— SUPPLIED MATERIAL —
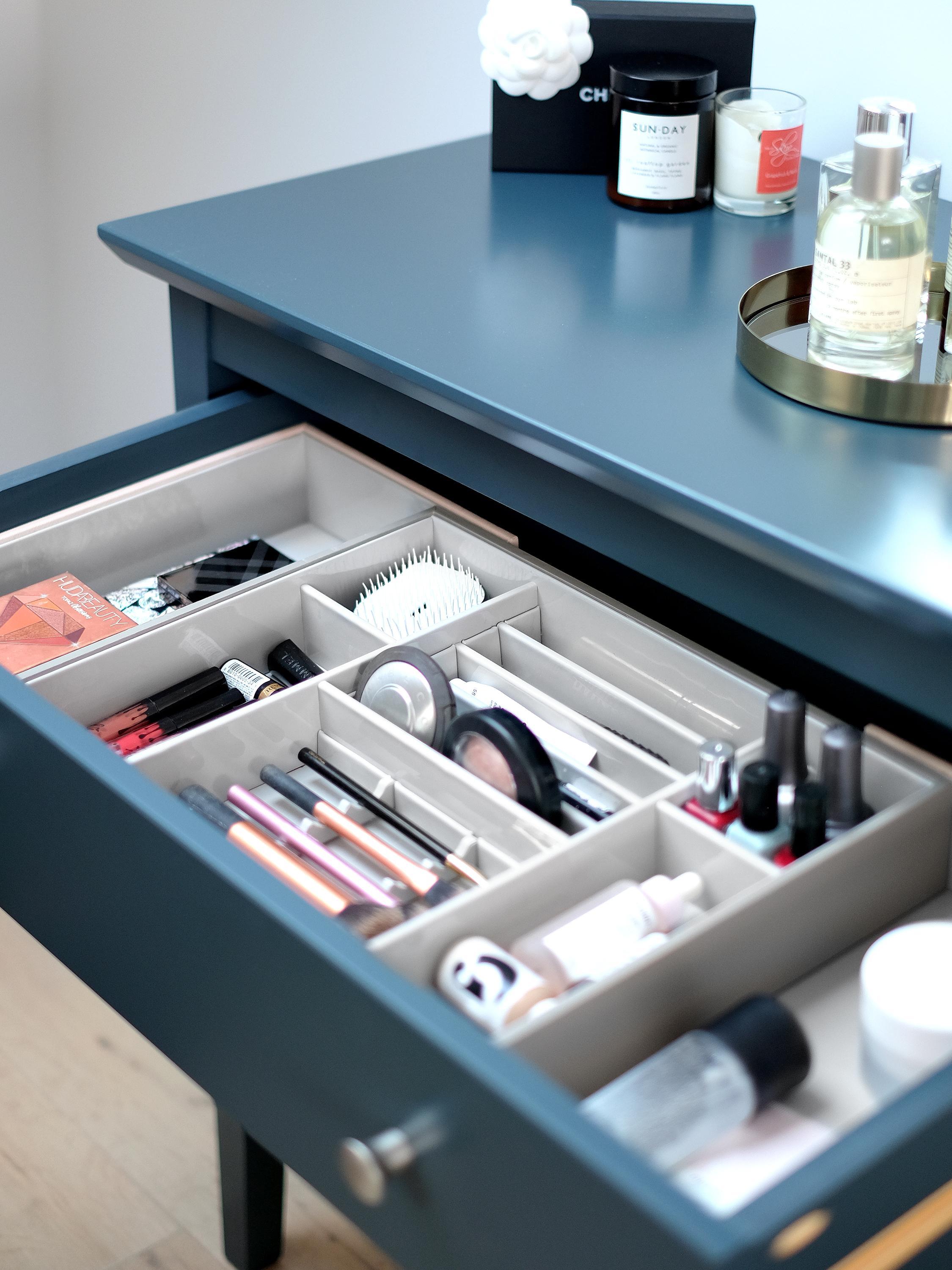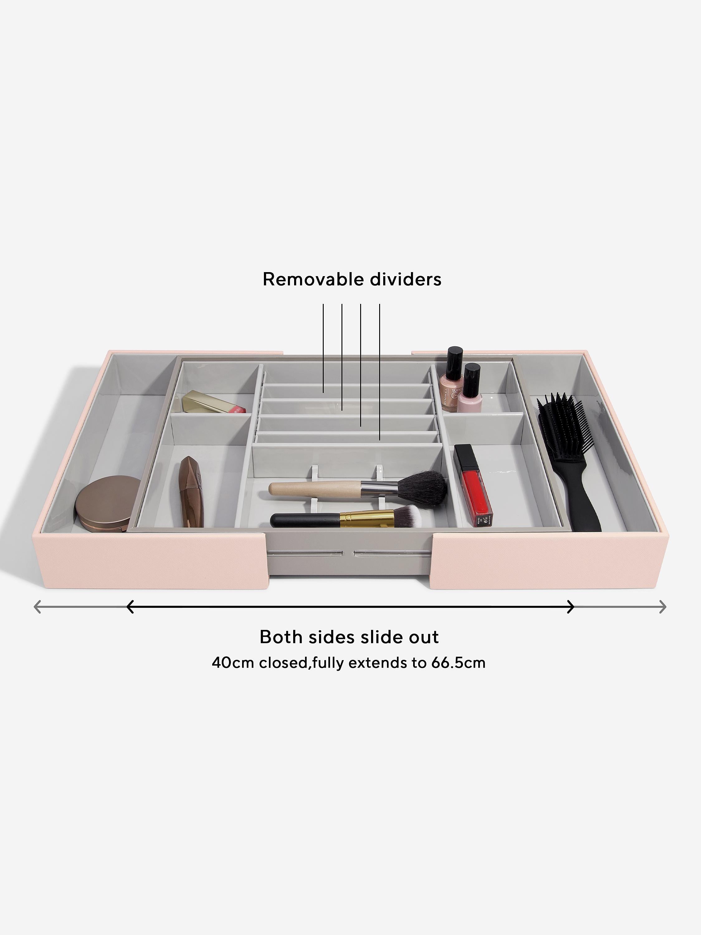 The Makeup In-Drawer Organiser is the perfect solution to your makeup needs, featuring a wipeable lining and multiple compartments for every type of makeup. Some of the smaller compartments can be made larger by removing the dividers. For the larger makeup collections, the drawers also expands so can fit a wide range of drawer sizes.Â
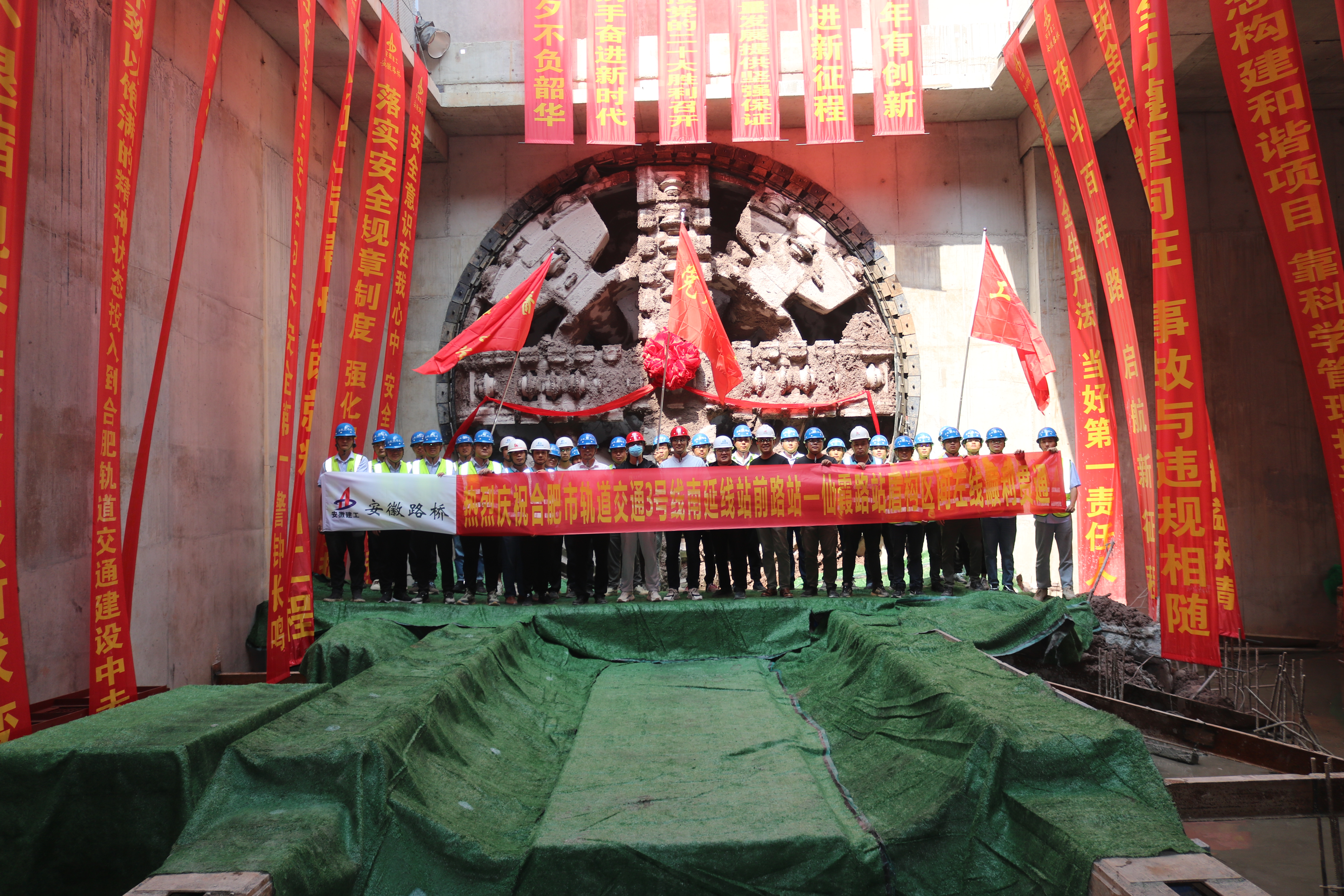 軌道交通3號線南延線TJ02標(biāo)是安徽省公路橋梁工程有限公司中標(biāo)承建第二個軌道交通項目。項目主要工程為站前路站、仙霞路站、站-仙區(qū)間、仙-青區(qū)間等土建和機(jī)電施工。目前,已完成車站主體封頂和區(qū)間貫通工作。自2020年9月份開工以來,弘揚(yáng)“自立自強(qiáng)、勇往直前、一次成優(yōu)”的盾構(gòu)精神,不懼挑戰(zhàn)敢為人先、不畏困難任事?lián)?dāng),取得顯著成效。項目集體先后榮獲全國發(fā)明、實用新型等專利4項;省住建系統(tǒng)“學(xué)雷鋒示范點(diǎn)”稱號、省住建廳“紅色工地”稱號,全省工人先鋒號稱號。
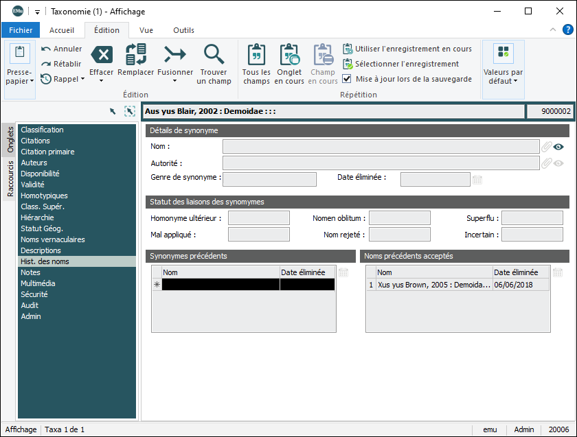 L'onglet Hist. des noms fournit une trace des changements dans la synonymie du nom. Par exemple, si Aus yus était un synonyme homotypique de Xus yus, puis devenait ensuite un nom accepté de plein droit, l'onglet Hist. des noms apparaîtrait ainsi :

— WORK ORDER —
Without the pictures, give every line of the data again, exactly as written.

— RESPONSE —
 The Makeup In-Drawer Organiser is the perfect solution to your makeup needs, featuring a wipeable lining and multiple compartments for every type of makeup. Some of the smaller compartments can be made larger by removing the dividers. For the larger makeup collections, the drawers also expands so can fit a wide range of drawer sizes.Â
 軌道交通3號線南延線TJ02標(biāo)是安徽省公路橋梁工程有限公司中標(biāo)承建第二個軌道交通項目。項目主要工程為站前路站、仙霞路站、站-仙區(qū)間、仙-青區(qū)間等土建和機(jī)電施工。目前,已完成車站主體封頂和區(qū)間貫通工作。自2020年9月份開工以來,弘揚(yáng)“自立自強(qiáng)、勇往直前、一次成優(yōu)”的盾構(gòu)精神,不懼挑戰(zhàn)敢為人先、不畏困難任事?lián)?dāng),取得顯著成效。項目集體先后榮獲全國發(fā)明、實用新型等專利4項;省住建系統(tǒng)“學(xué)雷鋒示范點(diǎn)”稱號、省住建廳“紅色工地”稱號,全省工人先鋒號稱號。
 L'onglet Hist. des noms fournit une trace des changements dans la synonymie du nom. Par exemple, si Aus yus était un synonyme homotypique de Xus yus, puis devenait ensuite un nom accepté de plein droit, l'onglet Hist. des noms apparaîtrait ainsi :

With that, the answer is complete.